しかし妖し気な赤い瞳は健在で、俺の心を惑わすようにギラギラと輝く。魔性の熱に晒されながらもどうにか留め具をとめ、勢いよくソファに倒れ込み息をつく。
「……あんまりからかうなよ。本当に俺、耐性ないんだから……」
「「はーい」」
仲がいいのは大変結構なことだが、まったく信用ができない返事にため息が漏れる。
……まあでも、ネックレスが似合っていて安心した。
チャームのない、シンプルなシルバーのチェーンネックレス。普段の服装にも合わせられるよう選んだため、今の可愛らしい衣装にも邪魔をせず溶け込んでいる。
「と、ところで、さ……渚、知ってる……?」
ネックレスを指先で軽く弄りながら、綴はほんのりと頬を染めた。続いて響も口元を緩め、顔に茜色が差す。

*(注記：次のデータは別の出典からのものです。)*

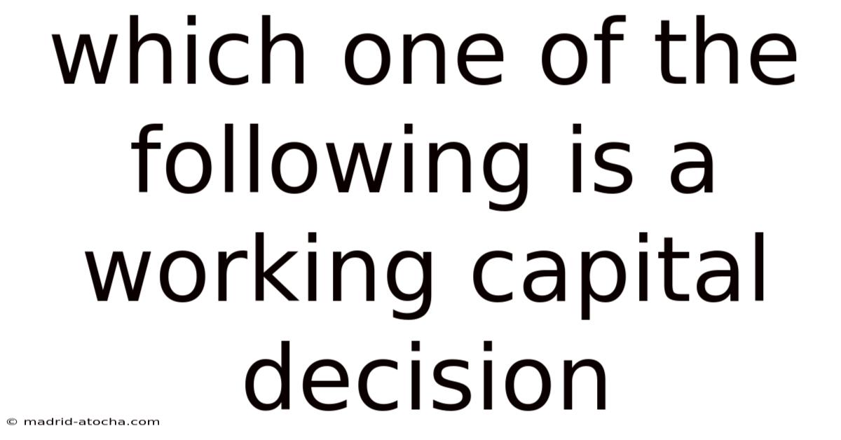 Which One of the Following Is a Working Capital Decision? A complete walkthrough
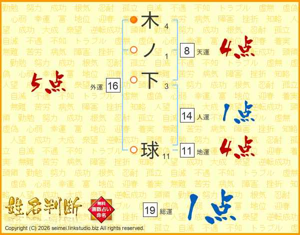 木ノ下球さんの総運は19画の1点!
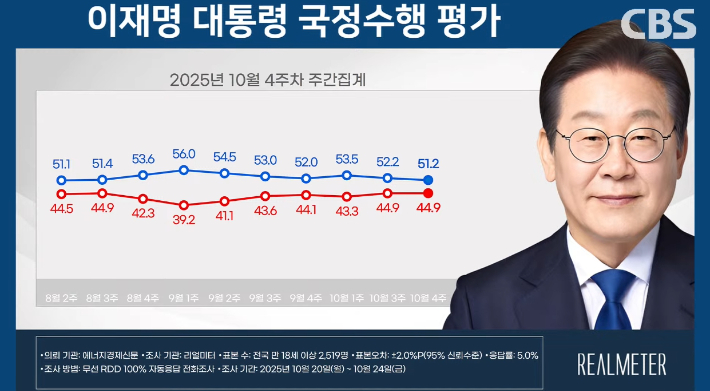 ◇ 김현정> 최민희 의원 자녀 결혼식이 불러온 나비 효과, 아마 우상호 수석에 대통령 자녀 결혼식까지 이제 일파만파로 커져가고 있는 이슈 한번 다뤄봤고요. 이 얘기 좀 해보죠. 어제 리얼미터의 지지율 정례 조사를 보니까 리얼미터가 에너지경제신문 의뢰로 조사한 거고요. 10월 넷째 주 국정수행 지지율인데 대통령의 지지율이 1% 포인트 하락한 51. 2%를 보였습니다. 매우 잘한다가 39. 3%, 잘하는 편이다가 11. 9%, 부정 평가는 44. 9%, 매우 잘못한다 36. 6, 잘못하는 편이다 8. 3%. 자동 응답 전화 조사했고요. 10월 20일부터 24일까지 했고 자세한 내용은 여론조사 심의위원회 홈페이지를 보시면 되는데 지금 1% 포인트 하락한 걸 어떻게 볼 것이냐, 일단은 최저치에 근접했어요. 이재명 대통령 임기 내에 가장 낮았던 게 51. 1인데 이번에 51. 2를 기록했으니까 최저치까지 간 건 맞습니다만 부동산 대책 이후에 악화된 여론을 생각하면 그래도 선방했다는 얘기가 또 나오고 있고 그래서 이 지표를 어떻게 볼 것인가, 어떻게 해석하고 계시는가, 어떤 분 먼저.
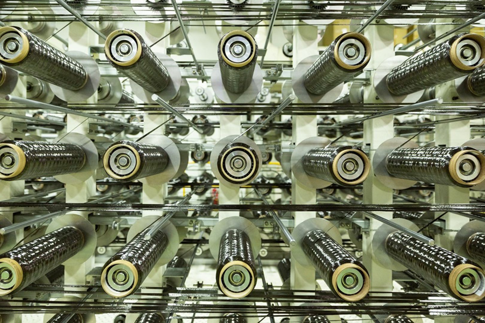 Een kakofonie van ontluchtende machines en draaiende rollen domineert de ruimte. Het onder TL-licht glimmende carbondraad wordt door geleiders, persrollen, kwaliteitsscanner en lamineermachine omgeturnd in carbonplaat.
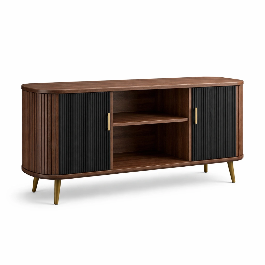Aparador de madera chapada con puertas de MDF y patas de metal 150x40x55 cm
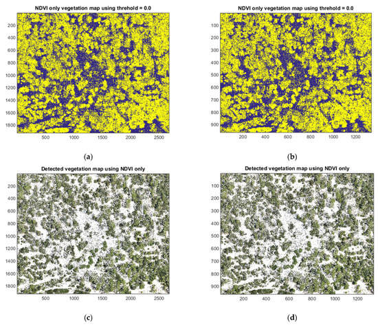 NDVI only (threshold = 0) vegetation detection results for the two Kimisala test images. (a) NDVI-only estimated vegetation map (Kimisala-10) (yellow: Vegetation, blue: Non-vegetation); (b) NDVI-only estimated vegetation map (Kimisala-20) (yellow: Vegetation, blue: Non-vegetation); (c) Detected vegetation with NDVI only (Kimisala-10); (d) Detected vegetation with NDVI only (Kimisala-20).
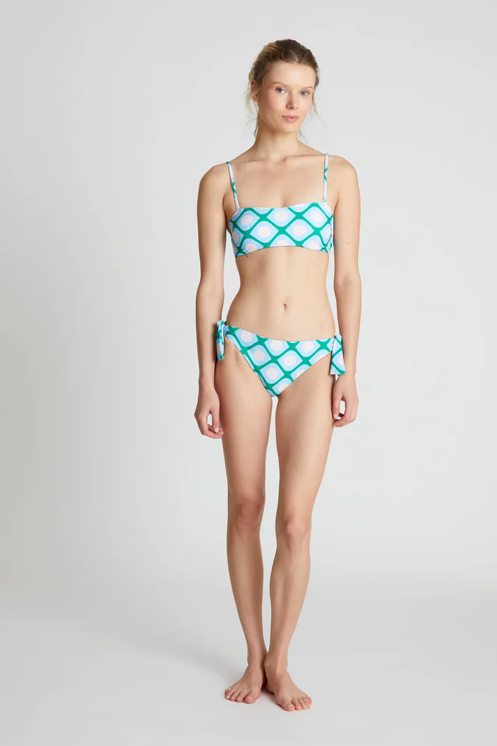 Poniente geometric print bikini top with a straight neckline and adjustable thin straps.

「男の人が女の人に、ね、ネックレス渡すのって……束縛とか、独占って意味が、あるんだよ?」
「えっ!?」
「渚はさ、僕と綴に首輪着けて、ずーっと自分のモノにしたいって思ってるんだね」
「ち、違うっ! 俺はそんなつもりじゃ――」
「私たち、いらないの……?」
「いるとかいらないとか、そういう問題じゃないだろ!?」
「どっちかって言ったら、どっち?」
「そ、そりゃあ……まあ……いる、けど……!」
「「ふーん」」
ニヤニヤと笑いながら迫って来て、俺の両隣に座った。
同時に俺の太ももに手を置き、正面から顔を覗き見る。
「私たちのこと……ひ、独り占め、したいんだ」
「ずーっと一緒にいたいって、思ってるんだね?」
「一緒にはいたいけど……な、何かお前ら、やけに近くないか?」
これはただのプレゼント。それ以上でもそれ以下でもない。
だというのに、二人は俺の手に指を絡めて熱っぽい息を漏らす。
「だ、だって渚が、首輪、着けちゃったから……」
「飼い主の近くにいるのは、当然のことじゃない?」
「待てまて! 俺はそんなつもりで贈ったわけじゃないぞ!?」
「「わん」」
「わん、じゃねえよ!」
「「にゃー?」」
「種類の問題じゃない!」
何がそんなに楽しいのか、二人の頬は今にも溶けて落ちてしまいそうなほど緩んでいた。
プレゼントを喜んでもらえたのはありがたい限りだが、これはちょっと絡み方がまずい。
嬉しくて、だからこそ心臓に悪くて、おかしな欲望が湧いてくる。飼い主として振る舞いたくなるような、黒い熱が心を焦がす。
「……ぼ、防犯カメラがあるんだから、いい加減に離れろよ。俺たちのこと、誰が見てるかわからないんだし……!」
天井に取り付けられたカメラを目で指しながら言うと、二人は渋々離れて行った。
ホッと安堵しつつも、急に温かみを失い少しだけ寂しくなる。
「俺の女を他のやつには見せたくねえぜってことだよ、今の」
「独占……し、したいんだね、私たちの、こと……」
「やらしーね」
「ねー」
ヒソヒソと声をひそめてはいるが、俺を挟んでいるため全編丸聞こえ。
もう言い返す気力などなく、俺は背もたれに体重を預けて天井を仰いだ。